Cast: Nasser Khan, Sonali Kulkarni, Milind Soman, Hrishita Bhatt

Director: Rohit Nayyar

Rating: *1/2 (But three cheers for the brave effort)

Producer: Nasser Khan

Music: Anand Raaj Anand

We often crib about the hard part of reviewing films. We have to watch all sorts of bad movies. Reviewing ‘Shadow’ is equally hard. But this time there are more dimensions. ‘Shadow’ is a regular film and yet it is not. While it is an attempt to make a regular thriller, at helm of things is a blind person Nasser Khan, producing and acting in it. To make things tougher he enacts a person who can see very well. And despite all these factors we are expected to show no bias. Hard task, considering we are human beings too!
 
Cutting a long story short, with a blind person at helm who is making the film to portray to the world that being ‘handicapped’ is not the end of the world, we got to see ‘Shadow’ is not as bad as I expected it to be. Nasser does a great job as a producer giving the director enough space to make it look like a big budget venture. ‘Shadow’ looks clean. It has been shot well, edited sleek, DI done well – in all production values which could very well make Nasser a dream producer. He is decent as an actor too, considering he does the dialogue well enough. The cinematographer does a clever job trying to hide Nasser’s handicap.
 
However, the good part ends there. Getting out of the compassionate self, ‘Shadow’ is a badly written script. It has stereotypical characters, awful dialogues and less attention given to details. Songs pop up out of nowhere and the music is nothing great. Locales in Bangkok have been passed off as Mumbai, unconvincingly. Characters are not explained well. Milind Soman is shown as a print reporter holding a recorder and suddenly shown reporting on TV, still holding the recorder. Whatever happened to the TV boom! Hrishita Bhatt’s character makes a mysterious exit and suddenly comes out at the end.
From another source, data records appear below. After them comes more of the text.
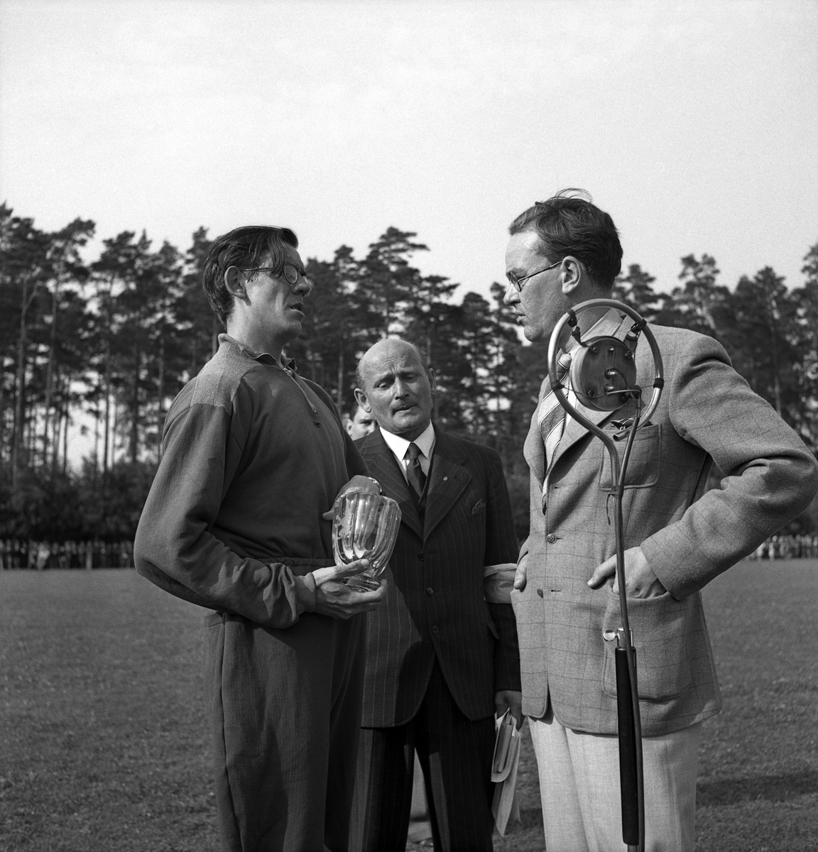 Idrottens dag på Värendsvallen. Prisutdelning. Håkan Lidman blir intervjuad vid en mikrofon.
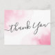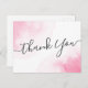Elegant thank you postcard featuring the text "thank you" across the card in a dark grey handwritten script font on a background with pink watercolor splashes
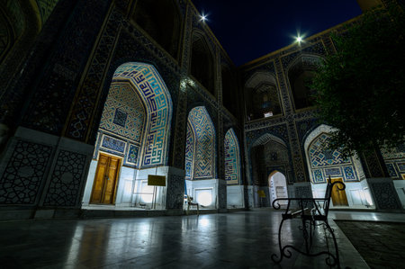 Colorful Registan square in Samarkand, Uzbekistan. Samarqand by night.
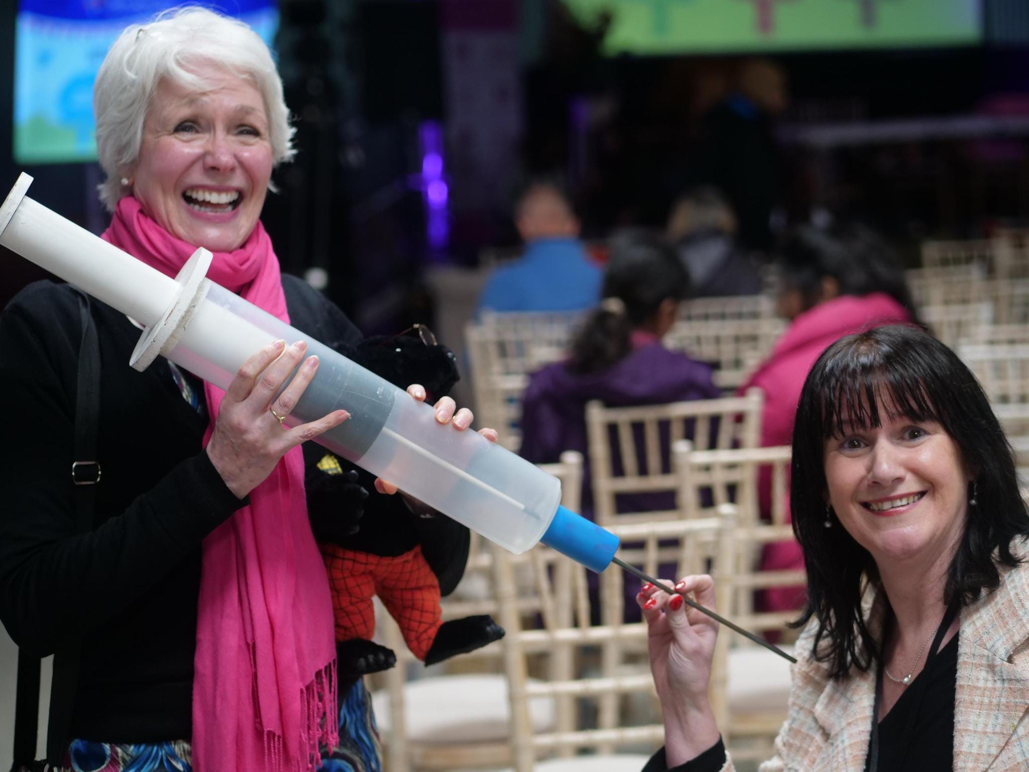 Jane Gunn, having a giggle between panels with therapy specialist Maureen Fearon. Both are on the WCH British Isles team.
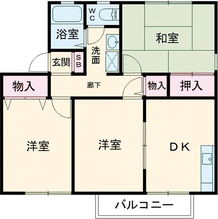 ソシアB B201 3DK/2階
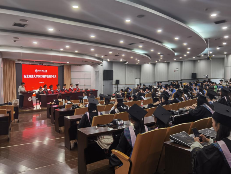 2023年7月5日,3003新葡官方网站(纪检监察学院)2023届本科生学位授予仪式在3003新葡长安校区校务楼二楼报告厅隆重举行。3003新葡官方网站(纪检监察学院)院长姬亚平,党委书记赵玎玎,学院学术委员会主席王周户,学院副院长井凯笛,学院学术委员会委员李大勇、褚宸舸、彭涛、刘璞以及教师代表任苗苗博士,全体辅导员、行政人员、2023届本科毕业生及亲友代表参加。仪式由学院党委副书记李芳主持。
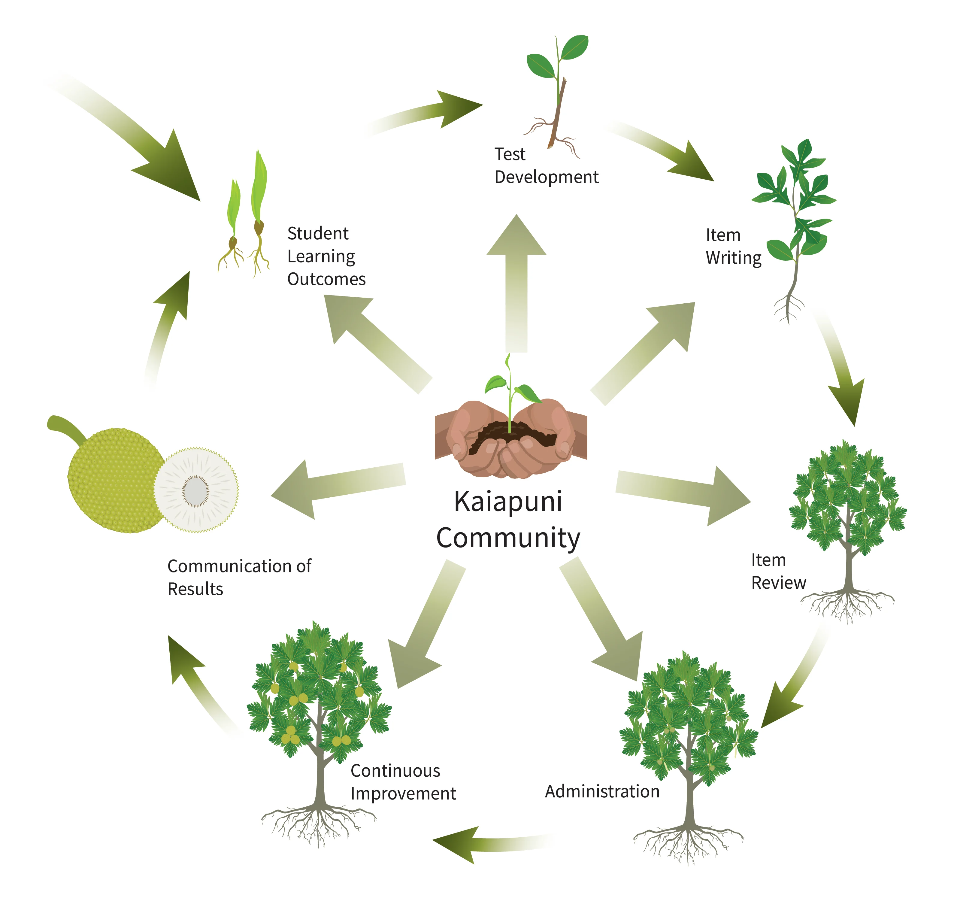 KĀʻEO would not be possible without the collaboration and support from the Hawaiian Language Immersion community. The community provides the expertise essential for every step of this assessment cycle.
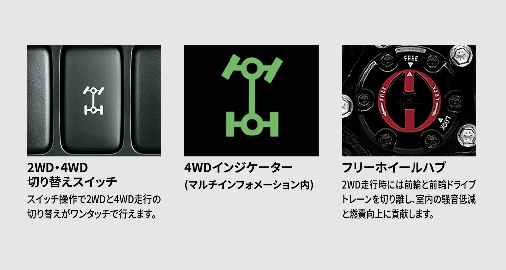 低燃費とスムーズな発進・加速をもたらす6速AT。シーケンシャルシフトの採用によりドライバビリティが向上。シフトレバーを小型化することで、室内の移動性と操作性を両立しています。また、燃費性能に優れるほか、全域にわたって思いのままにパワーを操ることができる6速(2WD車)・5速(4WD車)のマニュアルトランスミッションを設定しています。
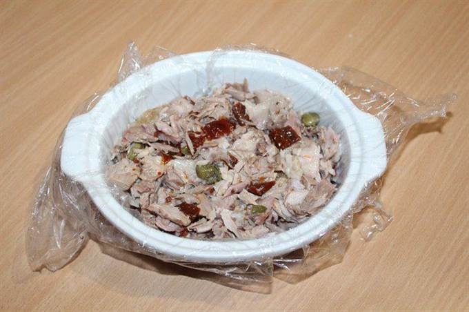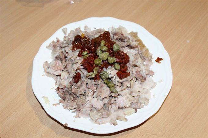 Порезать вяленые томаты, добавить к мясу каперсы. Посолить, поперчить по вкусу. Хорошо все перемешать.
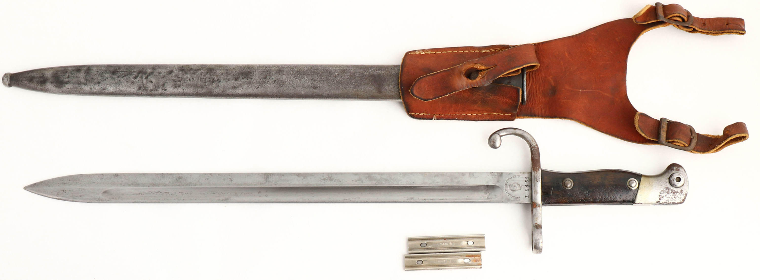 DWM, Model: 1909 Argentine, Cal: 7.65x53mm Mauser, MFG: 1911, S/N: M8531, Bolt action Rifle, 29'' barrel. The original semi-pistol grip wood stock is excellent with only minor dings/dents, faint cartouches on right side of stock by cheek, one faint cartouche on top of handguard Infront of rear sight, S/N marked into right side of stock below S/N on receiver. The metal finish on the barrel rates 75% with wear & spots of thinning, The receivers on these rifle were left in the white from the factory, the receiver has also been polished. Top of receiver is marked with the Argentina coat of arms, left side of receiver is marked ''MAUSER MODELO ARGENTINO 1909'', ''DEUTSCHE WAFFEN-UND'', ''MUNITIONSFABRIKEN BERLIN'', right side of receiver is marked with S/N, Bore is excellent, bright & mirror like with little to no wear. Barrel holds a barleycorn front sight with a tangent V-Notch rear sight marked 3 to 20. stock carries a steel butt plate with patina & light dings, bayonet lug is also chromed, comes with cleaning rod, original bayonet with sheath & frog, & two original stripper clips. FFL or C&R Req. - Value: 400 to 800
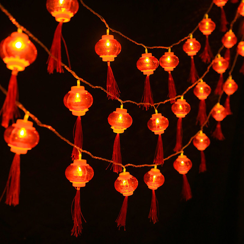 水晶发光LED小红灯笼新年布置彩灯闪灯串灯带电塑料灯笼串彩灯条
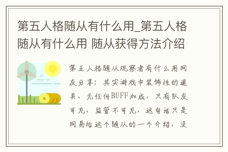 第五人格隨從觀察者有什么用
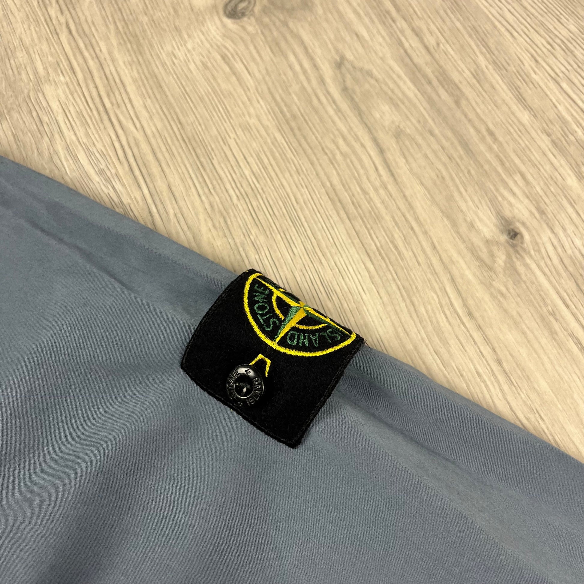 Men’s Stone Island cotton overshirt in Avio Blue with sleeve badge and zip pockets
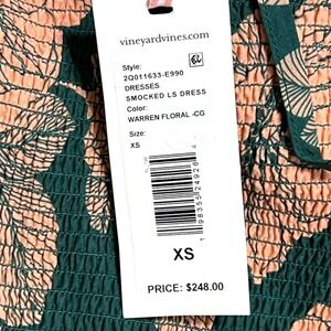 Vineyard Vines Dress Women's XS Warren Floral Long Sleeve Smocked Midi NWT
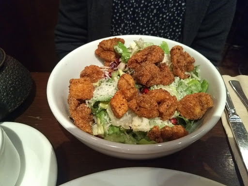Small setting, de licious food and salads, mini bar with beer tap and wines, desserts. Bit pricy but worth the cost
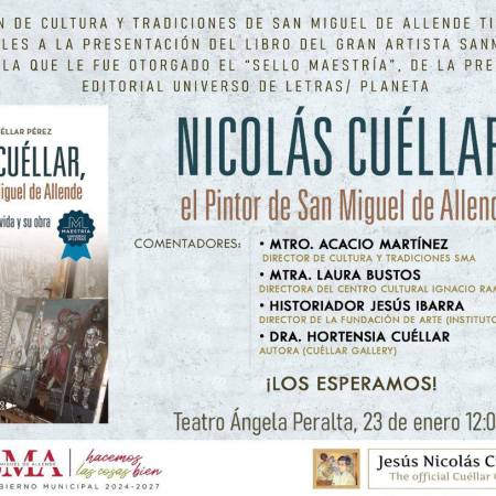 14 de enero de 202622 de enero de 2026 Equipo Redacción Invitación a la Presentación del libro «Nicolás Cuéllar, el pintor de San Miguel de Allende»

There are a couple of surprising twists but they don’t hold you too long because of the number of loopholes otherwise.
 
Performance-wise Vishwajeet Pradhan probably does the most convincing act as the commissioner and Sonali’s father. And he is not even important for the film. Milind Soman does well in his sketchy character. Sonali Kulkarni really needs to lose weight before she thinks of doing another item number in short clothes like the one she wore. Inedible stuff! Other characters not used at all.
 
Overall ‘Shadow’ is bad when you compare it to our regular stuff. But it is not the worst. It, in fact, has been made in a way that makes it look pretty high budget and there are some interesting twists. And Nasser Khan deserves a pat on his back... it is not easy to do what he did!